New conditions for contracts for the temporary replacement of employees with a return guarantee are set. These require a more precise description of the causes and the name of the employee to be substituted (e.g. in the case of parental leave).

– Compensation in the event of termination due to the expiry of the agreed period.

The law states that upon termination of the contract, the employee is entitled to compensation equal to the amount that would result from the payment of twelve days‘ salary for each year of employment, or to the amount defined in a special regulation that may be applicable.
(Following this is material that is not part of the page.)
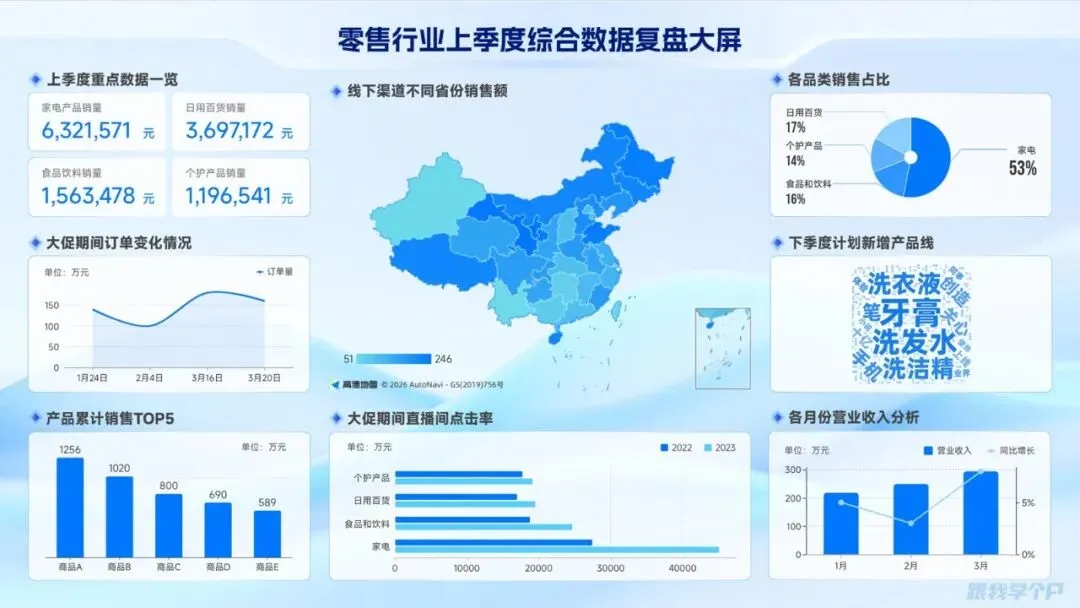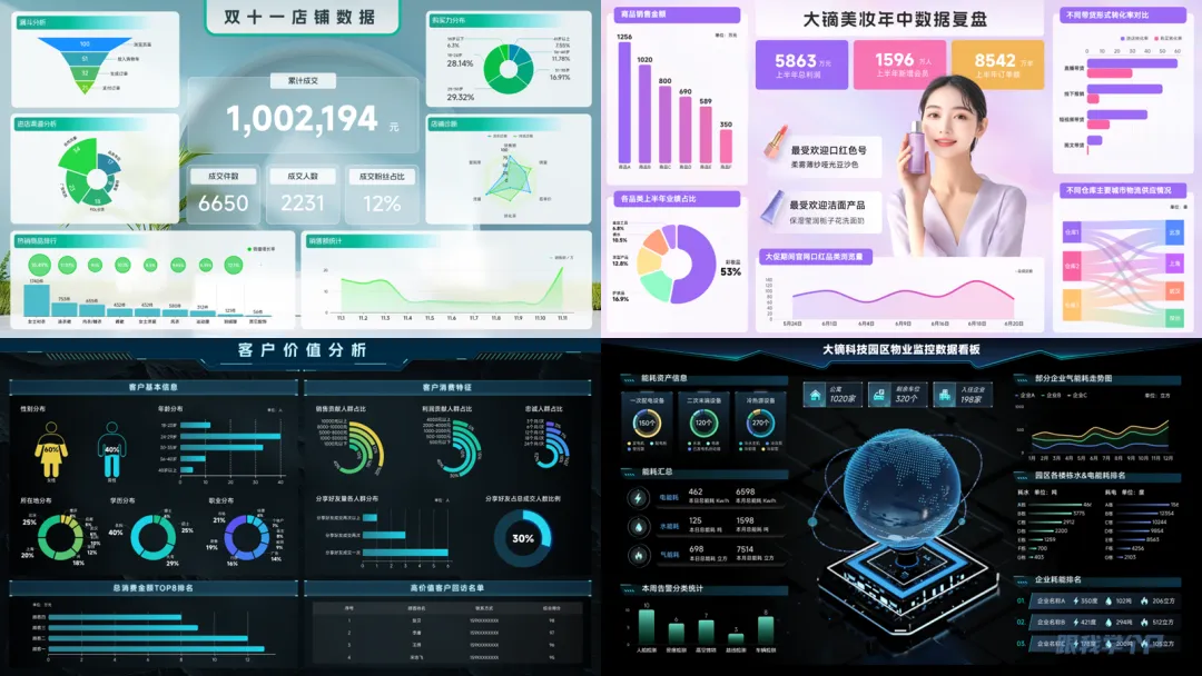 有时候季度汇报,光有一张图表不够,老板要的是那种科技感拉满的“数据看板”。

This does not apply to training contracts and fixed-term contracts due to temporary representation of an employee.

 

3. Collective Agreements.

With regard to the applicable collective agreements, following changes should be highlighted:

  • Full „ultra activity“ of collective agreements. This means that collective agreements are automatically extended after the expiry of their intended period of validity, without any time limit, until they are replaced by new ones.
  • The sectoral collective agreement takes precedence over a company agreement.
  • In the case of subcontracting agreements, the collective agreement of the sector of the main company is applied. A company agreement shall only apply if it provides for better salary conditions.

 

 4. Temporary workforce reduction programmes (ERTE).

 After the experience of the corona pandemic, the procedure for Temporary workforce reduction programmes (Expedientes de Regulación Temporal de Empleo) is also reformed.

The new law strengthens the use of this possibility to temporarily suspend employment contracts in order to avoid mass dismissals.

Among other regulations, some deadlines of the procedure are shortened, and individual employees can be sent to short-time work or taken back from it more quickly as needed.

Furthermore, the temporary suspension of employment contracts due to an governmental order has now also been provided as a reason for applying for short-time work.

 

This labour law reform still has to be approved by the Spanish Parliament. Let’s see what the outcome will be.